Arntfield Robert, Wu Derek, Tschirhart Jared, VanBerlo Blake, Ford Alex, Ho Jordan, McCauley Joseph, Wu Benjamin, Deglint Jason, Chaudhary Rushil, Dave Chintan, VanBerlo Bennett, Basmaji John, Millington Scott
Division of Critical Care Medicine, Western University, London, ON N6A 5C1, Canada.
Schulich School of Medicine and Dentistry, Western University, London, ON N6A 5C1, Canada.
Diagnostics (Basel). 2021 Nov 4;11(11):2049. doi: 10.3390/diagnostics11112049.
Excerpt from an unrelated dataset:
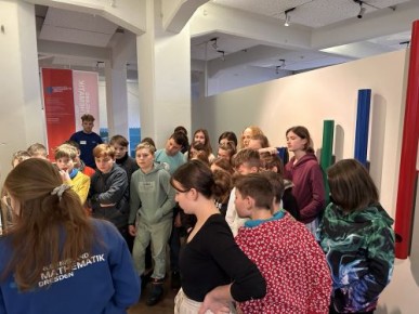 10.01.2023 - Am Freitag, dem 02.12.2022 statteten unsere sechsten Klassen der Technischen Sammlung in Dresden einen Besuch ab. Dass es hier besonders erwünscht ist, die Ausstellung zu begreifen, Dinge auszuprobieren und eben (fast alle) Exponate anzufassen, kam bei den Schülerinnen und Schülern der sechsten Klassen sehr gut an. Im Matheland gab es so viel auszuprobieren, dass die 90 Minuten wie im Flug vergingen und das ein oder andere Aha-Erlebnis garantiert waren. Zusammenhänge wurden neu verstanden und auch der Spaß kam nicht zu kurz – insbesondere im Inneren einer Seifenblase zu stehen sorgte für allerhand Belustigung. Codes knacken, rechnen, malen, Brücken bauen, Töne erzeugen, Wasser lenken… schon verrückt, wie viel Mathematik in unserem Leben steckt.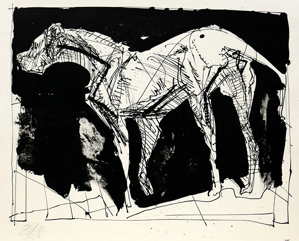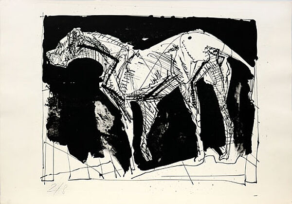 Lithografie auf dünnem Karton, links unter der Darstellung mit Bleistift auflagenbezeichnet "2/8", unsigniert und undatiert, wohl Ende der 1980er, Anfang der 1990er Jahre. Bildmaße ca. 32 x 43 cm, Blattmaße ca. 50 x 35 cm, geringe Alters-, Griff- und Lagerspuren.

Lung ultrasound (LUS) is an accurate thoracic imaging technique distinguished by its handheld size, low-cost, and lack of radiation. User dependence and poor access to training have limited the impact and dissemination of LUS outside of acute care hospital environments. Automated interpretation of LUS using deep learning can overcome these barriers by increasing accuracy while allowing point-of-care use by non-experts. In this multicenter study, we seek to automate the clinically vital distinction between A line (normal parenchyma) and B line (abnormal parenchyma) on LUS by training a customized neural network using 272,891 labelled LUS images. After external validation on 23,393 frames, pragmatic clinical application at the clip level was performed on 1162 videos. The trained classifier demonstrated an area under the receiver operating curve (AUC) of 0.96 (±0.02) through 10-fold cross-validation on local frames and an AUC of 0.93 on the external validation dataset. Clip-level inference yielded sensitivities and specificities of 90% and 92% (local) and 83% and 82% (external), respectively, for detecting the B line pattern. This study demonstrates accurate deep-learning-enabled LUS interpretation between normal and abnormal lung parenchyma on ultrasound frames while rendering diagnostically important sensitivity and specificity at the video clip level.
肺部超声(LUS)是一种精确的胸部成像技术,其特点是便于携带、成本低且无辐射。用户依赖性以及培训机会有限,限制了LUS在急性护理医院环境之外的影响力和传播范围。利用深度学习对LUS进行自动解读,可以提高准确性,同时允许非专家在床边使用,从而克服这些障碍。在这项多中心研究中,我们通过使用272,891张标记的LUS图像训练定制神经网络,力求实现LUS上A线(正常实质)和B线(异常实质)这一临床关键区分的自动化。在对23,393帧图像进行外部验证后,对1162个视频进行了剪辑级别的实际临床应用。经过训练的分类器在本地帧上通过10倍交叉验证显示,受试者操作特征曲线下面积(AUC)为0.96(±0.02),在外部验证数据集上的AUC为0.93。对于检测B线模式,剪辑级推理在本地的敏感性和特异性分别为90%和92%,在外部为83%和82%。这项研究证明了在超声帧上能够通过深度学习准确解读正常和异常肺实质的LUS,同时在视频剪辑级别呈现出具有诊断重要性的敏感性和特异性。